**WHAT THE EXERCISE ASKS**
When the line with "平面磁界型ワイヤレスヘッドホ" appears below, start repeating lines exactly, and keep going through the line with "Fashion Jewelry Wholesale"; add nothing outside that span.

**AVAILABLE DATA**
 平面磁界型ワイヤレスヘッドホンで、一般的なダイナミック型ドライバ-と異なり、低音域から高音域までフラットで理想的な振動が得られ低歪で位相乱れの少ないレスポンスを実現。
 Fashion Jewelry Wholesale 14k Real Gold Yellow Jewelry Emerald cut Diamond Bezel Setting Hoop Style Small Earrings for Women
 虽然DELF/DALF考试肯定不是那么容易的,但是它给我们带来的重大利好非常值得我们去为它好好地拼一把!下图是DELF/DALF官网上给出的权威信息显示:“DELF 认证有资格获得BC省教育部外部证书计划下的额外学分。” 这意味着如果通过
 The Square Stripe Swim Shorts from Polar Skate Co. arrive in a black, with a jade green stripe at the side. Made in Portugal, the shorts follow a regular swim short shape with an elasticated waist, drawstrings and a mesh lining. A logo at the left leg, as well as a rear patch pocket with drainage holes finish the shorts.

---

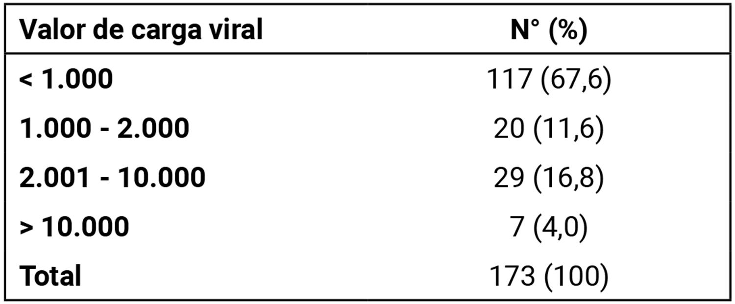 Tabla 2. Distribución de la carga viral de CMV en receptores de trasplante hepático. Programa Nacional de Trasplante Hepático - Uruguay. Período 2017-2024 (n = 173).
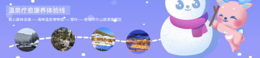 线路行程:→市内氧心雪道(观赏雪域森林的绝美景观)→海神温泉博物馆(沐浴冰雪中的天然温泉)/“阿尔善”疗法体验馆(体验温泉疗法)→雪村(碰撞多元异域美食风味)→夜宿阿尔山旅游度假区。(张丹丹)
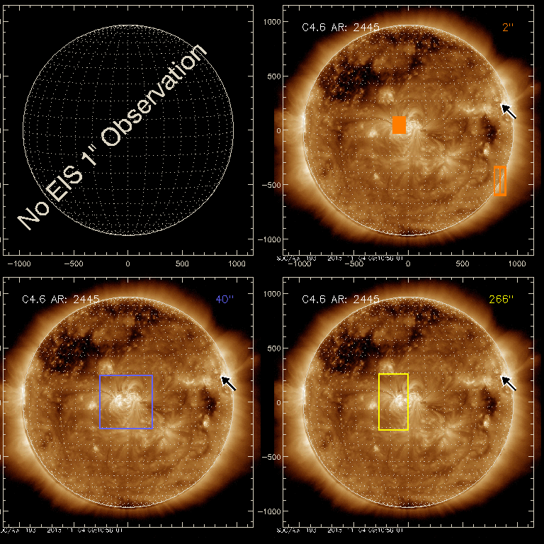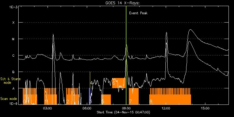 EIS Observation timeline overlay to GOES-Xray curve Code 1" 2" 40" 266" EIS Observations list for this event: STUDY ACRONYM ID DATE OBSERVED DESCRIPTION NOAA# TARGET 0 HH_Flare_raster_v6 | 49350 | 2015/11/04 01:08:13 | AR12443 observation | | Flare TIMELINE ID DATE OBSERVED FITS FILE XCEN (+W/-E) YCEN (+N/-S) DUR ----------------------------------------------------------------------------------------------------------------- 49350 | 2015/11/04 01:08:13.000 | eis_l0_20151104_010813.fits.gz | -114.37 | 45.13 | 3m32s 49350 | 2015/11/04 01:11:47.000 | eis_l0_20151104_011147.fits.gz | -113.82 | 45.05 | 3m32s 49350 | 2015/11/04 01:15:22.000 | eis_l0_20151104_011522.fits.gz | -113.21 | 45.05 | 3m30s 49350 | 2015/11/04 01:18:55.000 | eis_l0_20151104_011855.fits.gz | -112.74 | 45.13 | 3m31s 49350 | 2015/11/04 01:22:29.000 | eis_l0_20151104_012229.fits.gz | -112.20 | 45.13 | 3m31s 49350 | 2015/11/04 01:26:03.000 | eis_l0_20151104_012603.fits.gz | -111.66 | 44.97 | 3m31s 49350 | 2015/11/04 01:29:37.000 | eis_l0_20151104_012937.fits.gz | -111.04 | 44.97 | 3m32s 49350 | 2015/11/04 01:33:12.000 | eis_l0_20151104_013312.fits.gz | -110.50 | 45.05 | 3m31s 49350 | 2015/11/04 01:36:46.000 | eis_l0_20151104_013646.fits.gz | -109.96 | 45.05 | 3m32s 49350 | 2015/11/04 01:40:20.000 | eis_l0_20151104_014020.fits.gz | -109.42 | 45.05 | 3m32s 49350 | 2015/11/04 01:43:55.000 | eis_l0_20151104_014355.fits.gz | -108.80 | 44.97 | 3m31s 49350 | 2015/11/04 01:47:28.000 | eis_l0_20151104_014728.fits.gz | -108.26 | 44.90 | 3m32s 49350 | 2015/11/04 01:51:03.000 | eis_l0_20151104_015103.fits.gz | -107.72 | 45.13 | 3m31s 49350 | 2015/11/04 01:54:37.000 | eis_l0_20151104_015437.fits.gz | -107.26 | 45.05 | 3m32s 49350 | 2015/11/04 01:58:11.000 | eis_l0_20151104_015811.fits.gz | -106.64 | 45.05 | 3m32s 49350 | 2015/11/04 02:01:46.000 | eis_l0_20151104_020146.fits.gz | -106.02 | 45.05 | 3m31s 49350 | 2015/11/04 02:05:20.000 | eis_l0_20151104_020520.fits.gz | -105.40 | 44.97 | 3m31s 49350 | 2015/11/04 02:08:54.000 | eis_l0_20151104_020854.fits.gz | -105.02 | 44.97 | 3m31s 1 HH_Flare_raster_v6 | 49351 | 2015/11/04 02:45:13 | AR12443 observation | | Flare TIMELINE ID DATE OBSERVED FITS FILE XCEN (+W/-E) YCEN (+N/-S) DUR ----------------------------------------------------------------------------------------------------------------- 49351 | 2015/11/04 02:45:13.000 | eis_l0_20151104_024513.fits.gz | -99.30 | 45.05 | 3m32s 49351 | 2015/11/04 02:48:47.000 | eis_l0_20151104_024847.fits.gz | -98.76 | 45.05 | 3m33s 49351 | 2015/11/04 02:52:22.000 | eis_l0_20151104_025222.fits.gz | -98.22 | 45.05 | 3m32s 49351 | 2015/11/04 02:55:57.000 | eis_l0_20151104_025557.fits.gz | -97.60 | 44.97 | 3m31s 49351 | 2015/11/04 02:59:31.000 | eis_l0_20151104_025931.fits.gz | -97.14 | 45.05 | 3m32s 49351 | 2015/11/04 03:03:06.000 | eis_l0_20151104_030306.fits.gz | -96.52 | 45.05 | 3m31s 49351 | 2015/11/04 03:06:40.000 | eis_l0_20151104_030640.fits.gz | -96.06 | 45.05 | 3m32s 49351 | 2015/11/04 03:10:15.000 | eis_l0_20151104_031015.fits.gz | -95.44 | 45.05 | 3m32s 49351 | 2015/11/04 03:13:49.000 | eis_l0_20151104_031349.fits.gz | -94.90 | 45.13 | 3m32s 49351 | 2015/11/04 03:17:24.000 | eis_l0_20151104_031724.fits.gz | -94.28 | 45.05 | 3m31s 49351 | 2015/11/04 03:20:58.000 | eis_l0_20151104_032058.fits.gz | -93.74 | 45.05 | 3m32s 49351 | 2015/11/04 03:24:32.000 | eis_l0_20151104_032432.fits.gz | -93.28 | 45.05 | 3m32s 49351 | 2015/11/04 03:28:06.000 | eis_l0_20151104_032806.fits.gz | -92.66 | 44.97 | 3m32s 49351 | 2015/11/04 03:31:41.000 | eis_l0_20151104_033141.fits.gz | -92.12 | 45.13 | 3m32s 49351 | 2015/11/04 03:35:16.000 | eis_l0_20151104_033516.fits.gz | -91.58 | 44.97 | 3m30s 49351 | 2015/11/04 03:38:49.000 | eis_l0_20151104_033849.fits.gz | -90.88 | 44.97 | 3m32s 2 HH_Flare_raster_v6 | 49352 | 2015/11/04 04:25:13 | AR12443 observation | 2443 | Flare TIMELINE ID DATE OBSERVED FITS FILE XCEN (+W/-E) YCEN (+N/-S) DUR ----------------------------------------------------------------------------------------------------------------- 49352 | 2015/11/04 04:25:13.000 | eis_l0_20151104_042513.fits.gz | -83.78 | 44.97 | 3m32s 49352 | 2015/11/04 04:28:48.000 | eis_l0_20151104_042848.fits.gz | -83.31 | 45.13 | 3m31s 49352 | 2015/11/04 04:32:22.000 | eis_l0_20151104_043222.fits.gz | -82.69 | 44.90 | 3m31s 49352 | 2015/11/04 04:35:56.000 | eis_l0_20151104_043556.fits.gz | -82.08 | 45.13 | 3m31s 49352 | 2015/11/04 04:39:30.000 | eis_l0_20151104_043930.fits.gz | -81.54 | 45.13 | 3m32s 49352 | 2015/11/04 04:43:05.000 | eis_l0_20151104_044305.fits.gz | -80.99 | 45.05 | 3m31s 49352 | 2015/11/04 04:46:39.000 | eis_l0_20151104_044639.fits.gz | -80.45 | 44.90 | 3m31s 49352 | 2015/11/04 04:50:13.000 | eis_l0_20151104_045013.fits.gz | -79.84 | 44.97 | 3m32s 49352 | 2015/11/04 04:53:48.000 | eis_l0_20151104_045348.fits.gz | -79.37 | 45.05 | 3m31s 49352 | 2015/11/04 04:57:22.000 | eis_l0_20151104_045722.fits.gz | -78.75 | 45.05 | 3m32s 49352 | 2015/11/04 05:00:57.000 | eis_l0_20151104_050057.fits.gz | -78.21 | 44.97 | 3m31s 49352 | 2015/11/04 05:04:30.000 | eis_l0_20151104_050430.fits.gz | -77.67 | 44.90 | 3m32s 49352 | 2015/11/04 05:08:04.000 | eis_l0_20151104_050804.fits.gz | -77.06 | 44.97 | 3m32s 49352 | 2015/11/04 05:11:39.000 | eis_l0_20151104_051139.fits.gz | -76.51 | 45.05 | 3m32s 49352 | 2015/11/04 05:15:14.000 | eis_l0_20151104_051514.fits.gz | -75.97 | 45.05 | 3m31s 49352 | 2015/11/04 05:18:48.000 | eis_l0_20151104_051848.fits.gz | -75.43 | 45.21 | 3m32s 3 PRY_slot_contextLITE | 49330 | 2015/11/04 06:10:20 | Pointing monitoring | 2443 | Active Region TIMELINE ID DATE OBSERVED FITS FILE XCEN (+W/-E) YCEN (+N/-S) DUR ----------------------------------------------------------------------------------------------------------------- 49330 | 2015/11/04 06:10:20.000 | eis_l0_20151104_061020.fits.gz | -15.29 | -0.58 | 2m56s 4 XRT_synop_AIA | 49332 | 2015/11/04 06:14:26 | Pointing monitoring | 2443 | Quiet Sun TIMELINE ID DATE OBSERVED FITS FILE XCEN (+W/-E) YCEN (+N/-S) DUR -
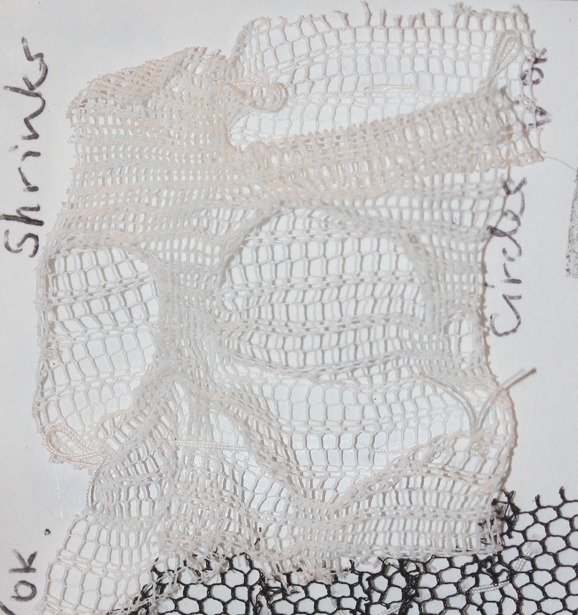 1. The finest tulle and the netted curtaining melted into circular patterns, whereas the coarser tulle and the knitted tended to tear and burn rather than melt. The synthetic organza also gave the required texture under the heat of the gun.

--

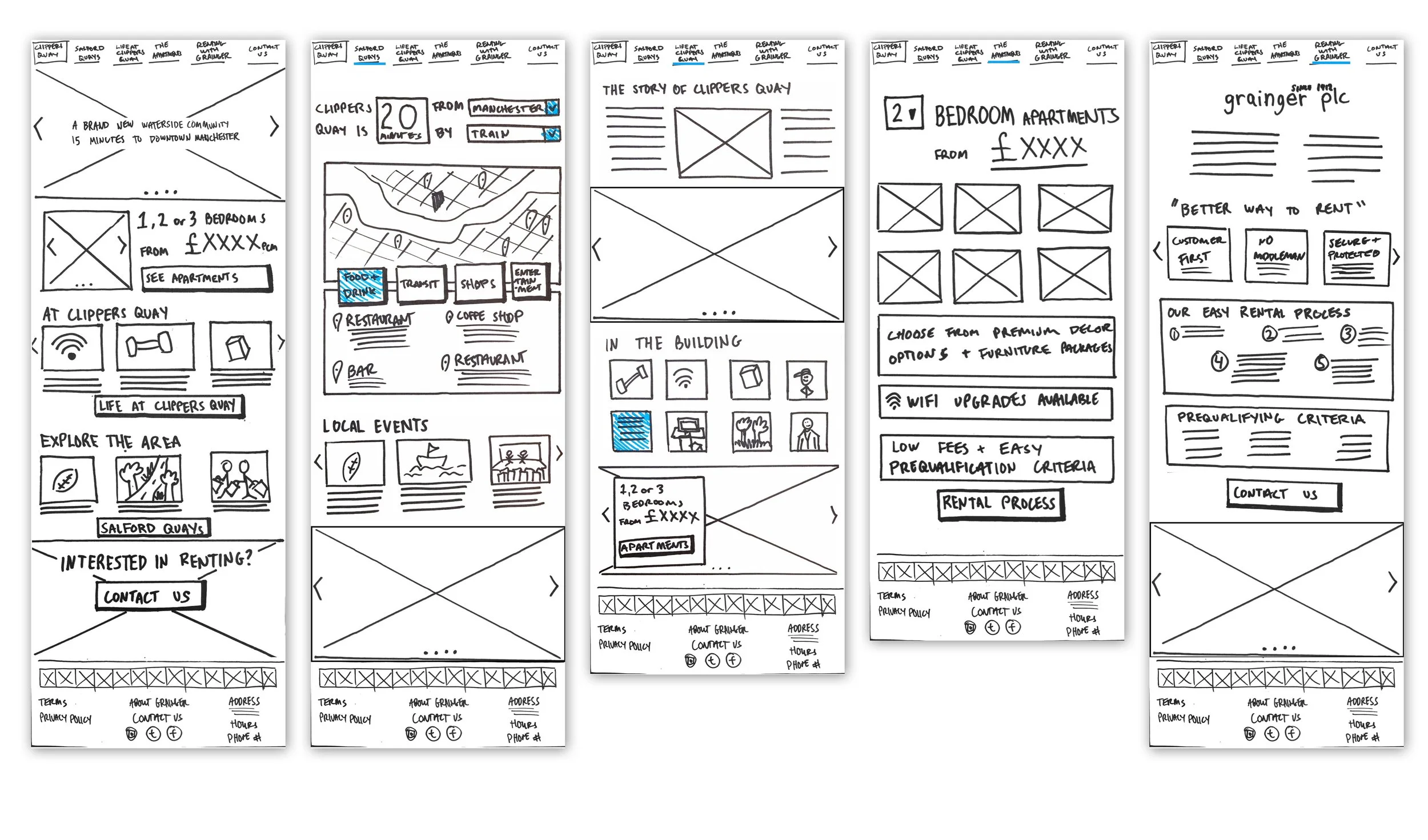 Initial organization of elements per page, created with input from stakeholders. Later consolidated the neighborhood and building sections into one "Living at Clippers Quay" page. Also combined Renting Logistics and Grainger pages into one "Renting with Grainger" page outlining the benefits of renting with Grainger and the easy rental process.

**EXERCISE ANSWER**
 平面磁界型ワイヤレスヘッドホンで、一般的なダイナミック型ドライバ-と異なり、低音域から高音域までフラットで理想的な振動が得られ低歪で位相乱れの少ないレスポンスを実現。
 Fashion Jewelry Wholesale 14k Real Gold Yellow Jewelry Emerald cut Diamond Bezel Setting Hoop Style Small Earrings for Women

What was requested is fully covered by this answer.